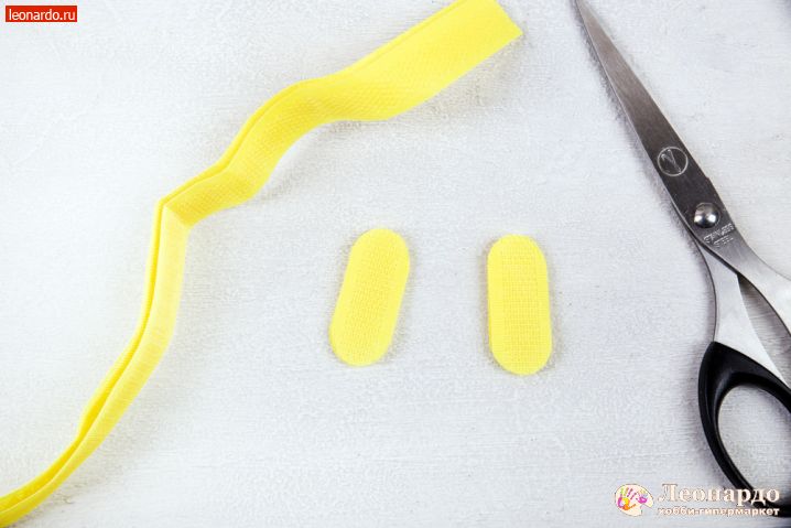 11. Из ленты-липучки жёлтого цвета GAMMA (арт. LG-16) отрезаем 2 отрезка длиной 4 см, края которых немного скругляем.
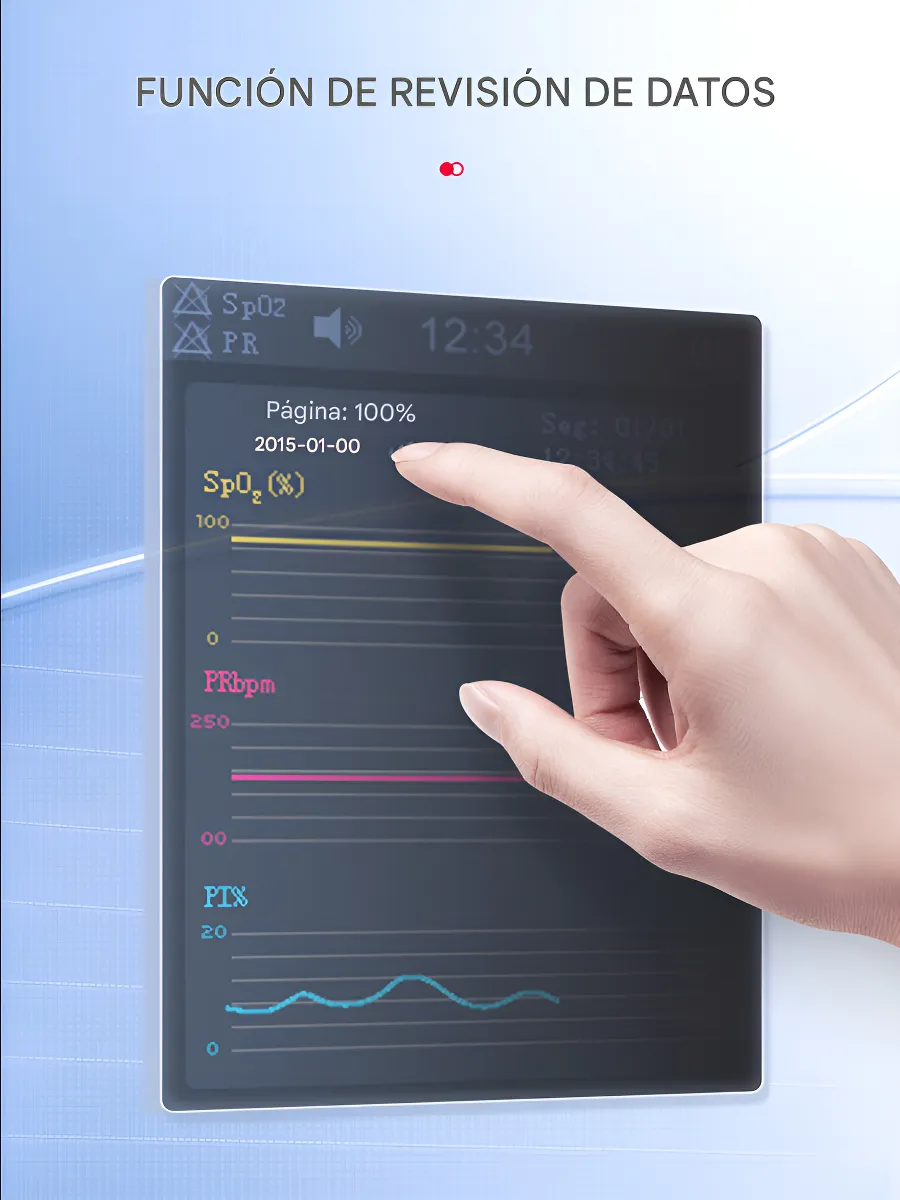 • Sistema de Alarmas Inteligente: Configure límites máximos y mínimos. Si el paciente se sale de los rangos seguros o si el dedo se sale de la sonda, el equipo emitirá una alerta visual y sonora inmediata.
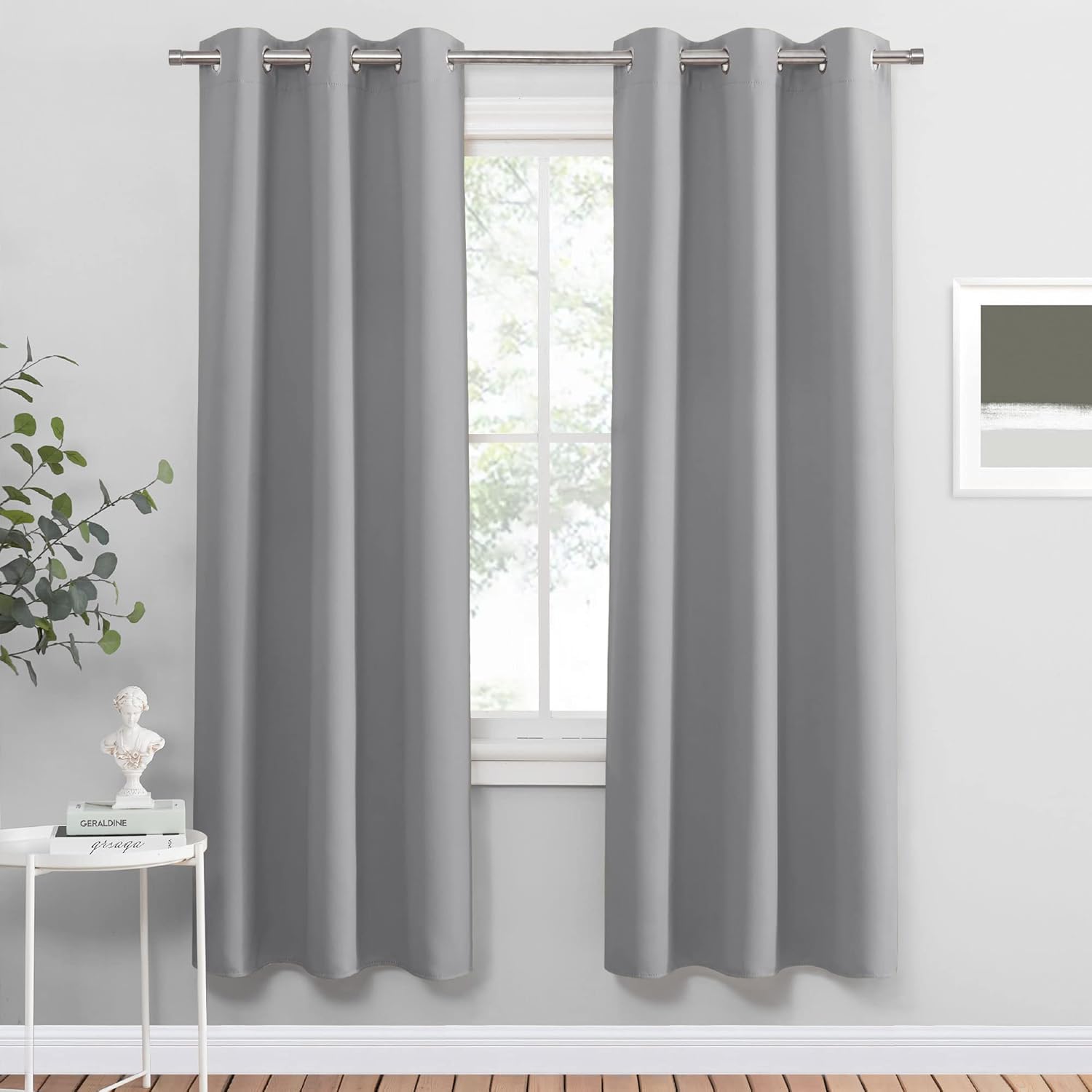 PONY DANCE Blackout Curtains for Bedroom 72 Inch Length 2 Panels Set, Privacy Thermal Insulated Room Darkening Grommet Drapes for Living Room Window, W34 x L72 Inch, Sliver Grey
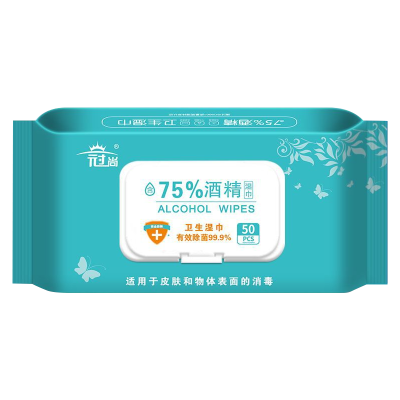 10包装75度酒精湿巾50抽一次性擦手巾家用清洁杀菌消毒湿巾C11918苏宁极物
* * *
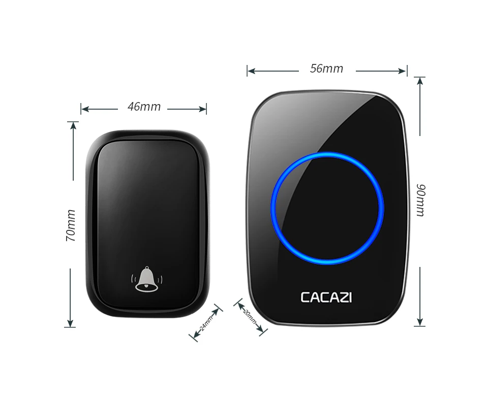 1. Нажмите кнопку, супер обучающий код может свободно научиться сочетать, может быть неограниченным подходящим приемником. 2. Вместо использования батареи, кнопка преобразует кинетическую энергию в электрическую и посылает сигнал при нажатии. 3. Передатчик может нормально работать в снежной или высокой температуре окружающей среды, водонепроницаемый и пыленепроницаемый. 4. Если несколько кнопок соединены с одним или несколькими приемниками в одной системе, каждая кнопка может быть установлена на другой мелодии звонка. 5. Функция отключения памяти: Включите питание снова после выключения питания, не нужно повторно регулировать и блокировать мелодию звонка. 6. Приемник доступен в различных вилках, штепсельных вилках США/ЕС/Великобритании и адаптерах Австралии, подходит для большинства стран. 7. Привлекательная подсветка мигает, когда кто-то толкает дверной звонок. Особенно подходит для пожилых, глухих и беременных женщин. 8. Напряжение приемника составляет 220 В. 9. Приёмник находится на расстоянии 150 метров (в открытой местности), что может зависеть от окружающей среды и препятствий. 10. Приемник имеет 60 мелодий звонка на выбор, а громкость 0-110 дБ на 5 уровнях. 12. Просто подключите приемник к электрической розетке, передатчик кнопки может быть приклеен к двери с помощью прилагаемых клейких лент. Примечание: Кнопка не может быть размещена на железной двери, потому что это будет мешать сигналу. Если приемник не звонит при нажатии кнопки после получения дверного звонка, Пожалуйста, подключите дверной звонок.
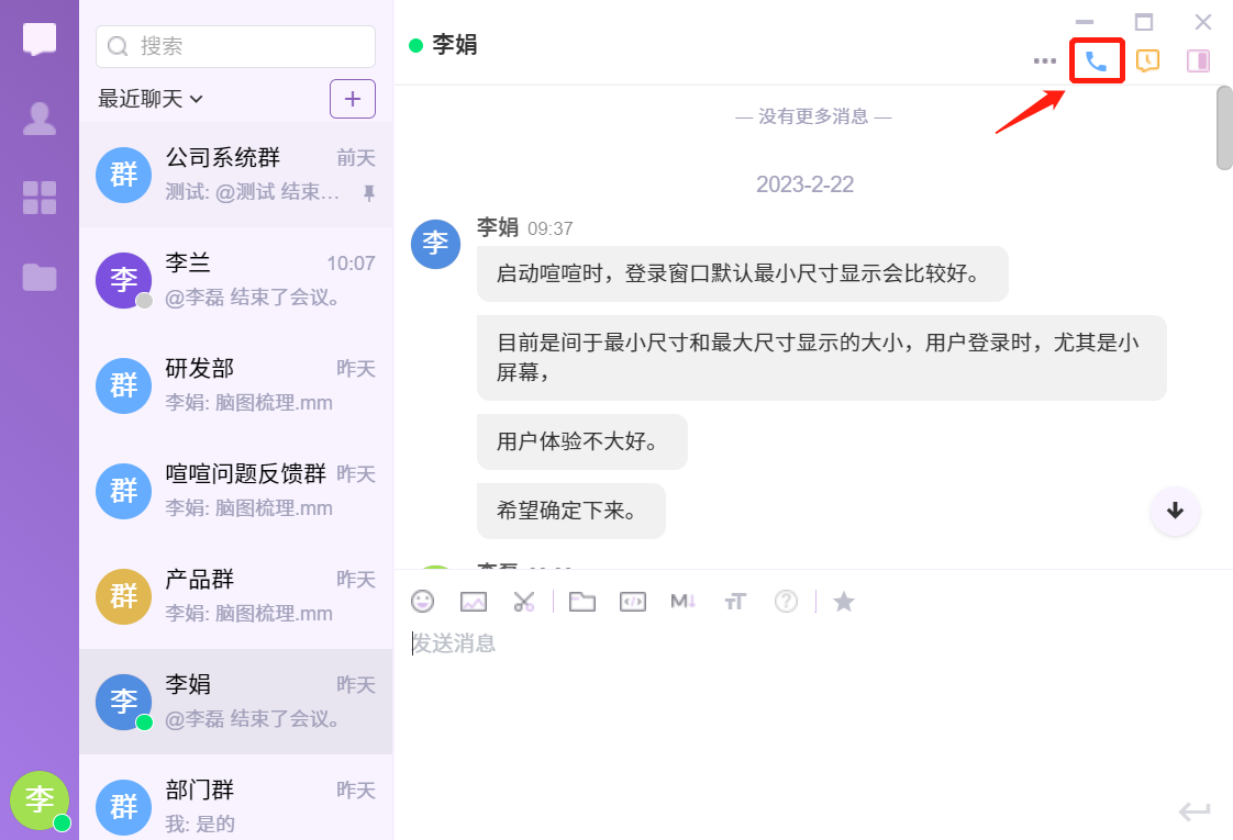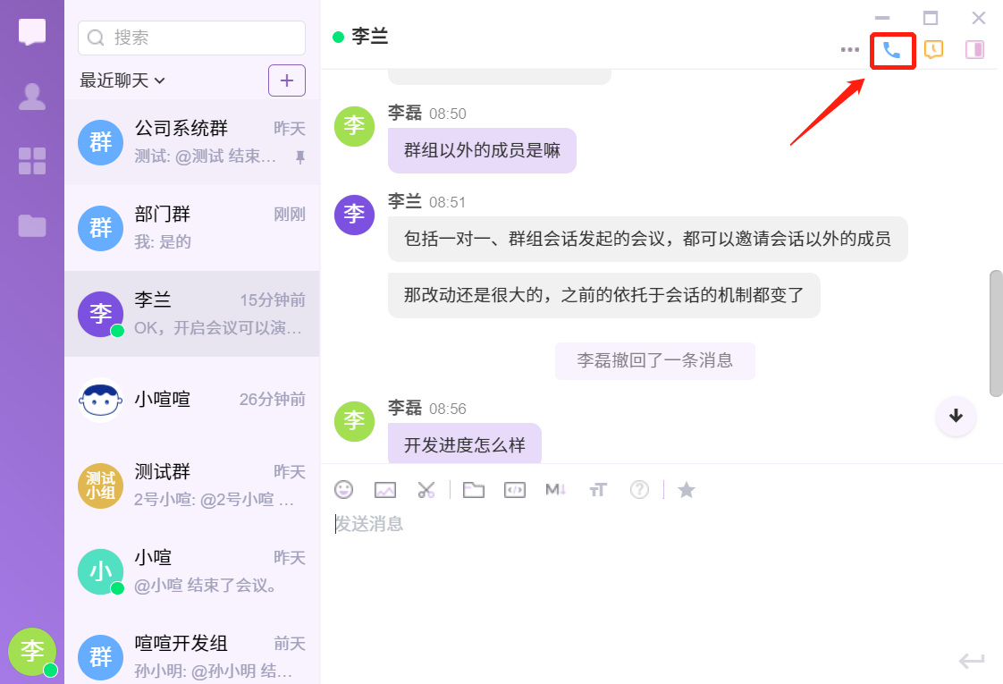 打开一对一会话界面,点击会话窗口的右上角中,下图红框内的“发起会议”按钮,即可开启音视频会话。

> **WHAT NEEDS TO BE DONE**
The reply should hold exactly the lines above, starting at the line with "11. Из ленты-липучки" and ending at the line with "10包装75度酒精湿巾50抽", and no pictures.

> **RESULT FOR THIS TASK**
 11. Из ленты-липучки жёлтого цвета GAMMA (арт. LG-16) отрезаем 2 отрезка длиной 4 см, края которых немного скругляем.
 • Sistema de Alarmas Inteligente: Configure límites máximos y mínimos. Si el paciente se sale de los rangos seguros o si el dedo se sale de la sonda, el equipo emitirá una alerta visual y sonora inmediata.
 PONY DANCE Blackout Curtains for Bedroom 72 Inch Length 2 Panels Set, Privacy Thermal Insulated Room Darkening Grommet Drapes for Living Room Window, W34 x L72 Inch, Sliver Grey
 10包装75度酒精湿巾50抽一次性擦手巾家用清洁杀菌消毒湿巾C11918苏宁极物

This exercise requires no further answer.